[sqlalchemy] Re: Performance of data mapping and plain access

2006-12-29 Thread Michael Bayer


the method that I improved in my checkin is related to the mapper's
construction of a newly loaded instance, and the test case that
improves 20% focuses most of its time loading a list of 2500 items.
the test you have here spends a lot of time doing lots of other things,
such as saving items (about 60% of its time is spent in save operations
rather than loads), creating new sessions, firing off lazy load
callables, etc.  so its work is too diffuse to illustrate the one
bottleneck i sped up a bit.  if you make your two relations lazy=False,
it knocks a few seconds off the total time.

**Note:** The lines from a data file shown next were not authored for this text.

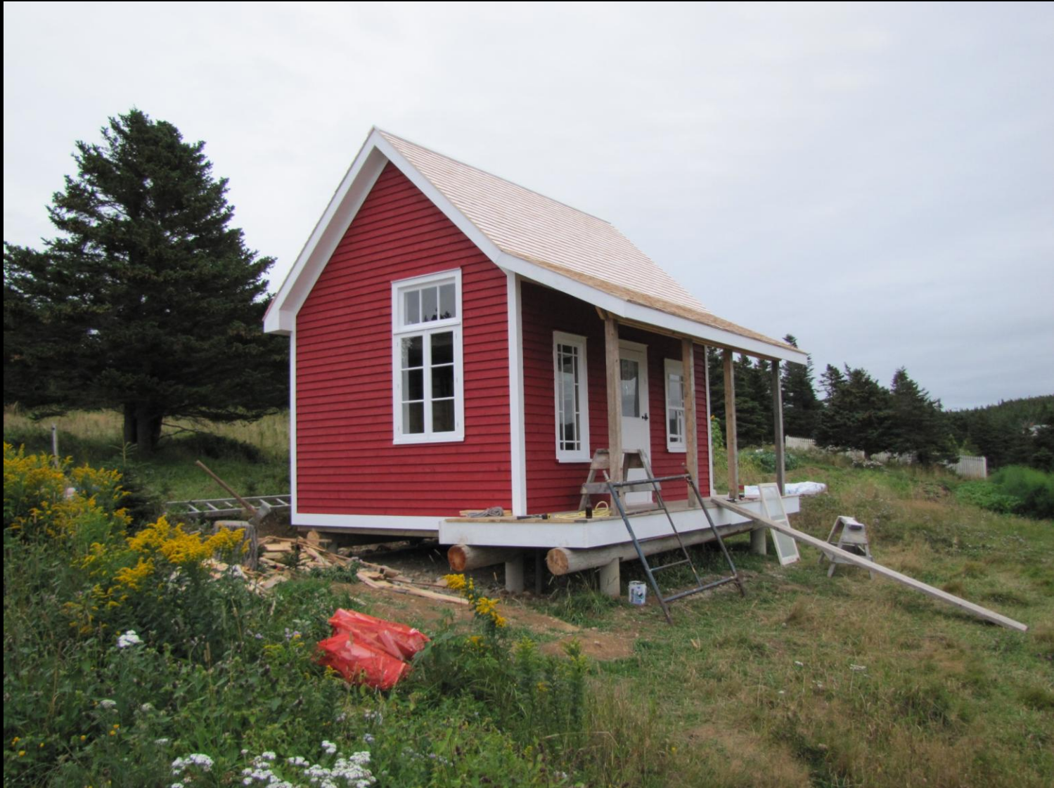
Cabin built by Denzil Paterson, August 2010
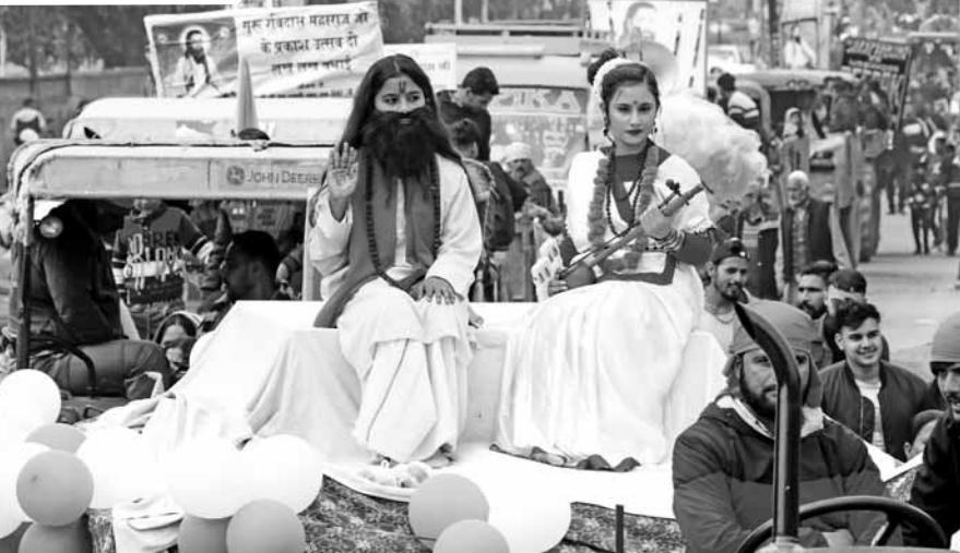
Devotees take part in a religious procession ahead of Ravidas Jayanti, in Jammu
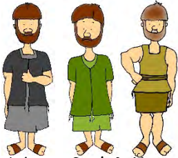
Re'uben, Gad & Menashsheh

2. Which tribes were on the east side of the Yarden? (34:14-15)
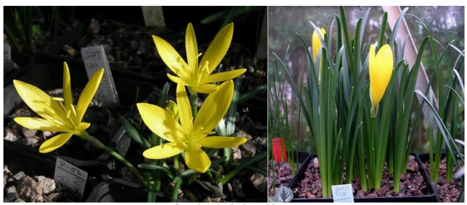
Sternbergia sicula and lutea

The first buds have appeared on several of the forms and hybrids of Narcissus cantabricus such as foliosus on the left and N. 'Camoro' on the right. This is absolutely in line with my prediction that, if we have mild weather when the roots are forming, then the Narcissus will flower early.
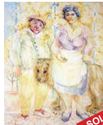
10 Untitled 63.5 x 53.3 £500

as far as lifecycle, its dependent on your application's workings.  for
a typical web application its easy - a session for each web request.
for other kinds of apps like GUI apps, you have to identify what
constitutes a "session".  it may or may not be efficient to have a new
session for each transaction.  it depends on how much freshness you
need, what kind of concurrency is present, etc.

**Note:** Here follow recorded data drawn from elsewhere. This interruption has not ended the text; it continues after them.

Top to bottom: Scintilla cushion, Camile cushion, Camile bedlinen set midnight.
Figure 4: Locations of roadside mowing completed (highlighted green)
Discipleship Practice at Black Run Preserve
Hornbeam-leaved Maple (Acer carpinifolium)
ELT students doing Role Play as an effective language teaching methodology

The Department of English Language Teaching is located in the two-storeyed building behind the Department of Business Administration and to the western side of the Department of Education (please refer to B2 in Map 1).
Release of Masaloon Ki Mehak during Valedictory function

there is no option to disable the attribute-copy-on-load operation; you
can make it happen by removing the body of the "commit()" method in
sqlalchemy/orm/attributes.py line 642 and replacing it with just
"pass".  but then your session flushes wont work, and neither will your
test program.  if you created a test program that just did loads, it
still doesnt speed things up too much, particulary if you have few
attributes on your objects.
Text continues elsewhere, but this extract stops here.